Pricing (line items, baseline)	`grexal agent price add\|remove\|clear` / Dashboard	Pricing is a commercial decision and shouldn't change on every code push. Pricing mistakes cost real money.
Visibility (public / private)	`grexal agent set-visibility` / Dashboard	Access control shouldn't flip on a redeploy.
Published state (draft / active)	`grexal publish` / `grexal unpublish` / Dashboard	Going live is an explicit, intentional act.
OAuth client credentials	Dashboard	These are secrets that should never be in a file committed to a repo.
Developer environment variables	`grexal env` / Dashboard	The developer's operational secrets (LLM keys, database URLs).
Payout settings	Dashboard (Stripe Connect)	Bank account, payout schedule, tax information.

The principle: the manifest describes how to run the code; the agent record describes who runs it and how it shows up to buyers. If changing a field should NOT require a code change, it's not in the manifest.

The CLI rejects identity and marketplace fields if they appear in grexal.json, with a pointer to the corresponding grexal agent set-* command — so a stale template can never silently desync from the platform record.

Validation

The manifest is validated at three points:

1. `npx grexal dev` (local development)

Validated on startup and on every file change. Catches structural errors before pushing.

2. `npx grexal validate` (standalone check)

Same validation as npx grexal dev startup. Useful in CI or as a pre-push hook.

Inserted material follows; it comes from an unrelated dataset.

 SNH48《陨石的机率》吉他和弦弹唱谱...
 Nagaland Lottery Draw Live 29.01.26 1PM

3. `npx grexal push` (build pipeline)

Full validation inside the build sandbox. This is the authoritative check. Additional checks at build time:

OAuth connections have corresponding connection config in the dashboard
If browser_login is declared, sandbox_template is "desktop"
Entrypoint file extension matches declared language
Resource limits are within platform maximums

Error format

Validation failed:

  runtime.memory_mb — exceeds platform maximum (8192 MB)
  connections[0].id — invalid characters: must match ^[a-z][a-z0-9_]*$
  connections[1].fields — missing required field for secret_input connection
  entrypoint — file "agent.py" not found in project

Manifest snapshot

When an agent is pushed, the build pipeline stores a frozen copy of grexal.json on the deployment record. This snapshot is what the platform uses at runtime to interpret task input and route connections — not the live file.

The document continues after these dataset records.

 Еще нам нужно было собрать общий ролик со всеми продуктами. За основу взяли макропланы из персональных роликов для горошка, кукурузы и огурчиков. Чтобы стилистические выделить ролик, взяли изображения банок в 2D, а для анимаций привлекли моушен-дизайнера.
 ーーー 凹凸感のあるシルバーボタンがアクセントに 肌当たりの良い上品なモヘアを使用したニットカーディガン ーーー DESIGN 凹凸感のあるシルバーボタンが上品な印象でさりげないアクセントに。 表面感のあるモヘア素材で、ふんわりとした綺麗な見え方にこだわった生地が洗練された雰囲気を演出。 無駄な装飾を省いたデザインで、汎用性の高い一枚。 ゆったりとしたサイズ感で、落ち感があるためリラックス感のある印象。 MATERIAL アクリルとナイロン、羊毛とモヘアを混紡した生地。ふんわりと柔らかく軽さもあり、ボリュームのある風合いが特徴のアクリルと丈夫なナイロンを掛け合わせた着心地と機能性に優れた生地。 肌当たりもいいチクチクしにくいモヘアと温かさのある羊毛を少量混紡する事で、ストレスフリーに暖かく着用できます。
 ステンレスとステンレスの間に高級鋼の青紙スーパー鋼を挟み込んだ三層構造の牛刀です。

What's in the snapshot: name, entrypoint, runtime, input_schema, output_schema, and connections. Commercial metadata (pricing, visibility, description, etc.) is on the agent record itself, not the snapshot — it is updated via grexal agent price / grexal agent set-* or the dashboard and takes effect immediately without a rebuild.

This means:

Rolling back to a previous deployment (grexal publish --deployment <id>) restores that build's code and connections — but pricing, visibility, and description stay at their current values.
Editing grexal.json locally has no effect until the next grexal push.
Editing pricing or description in the dashboard has no effect on already-pushed builds until you grexal publish to promote (or the change applies immediately to the currently active deployment).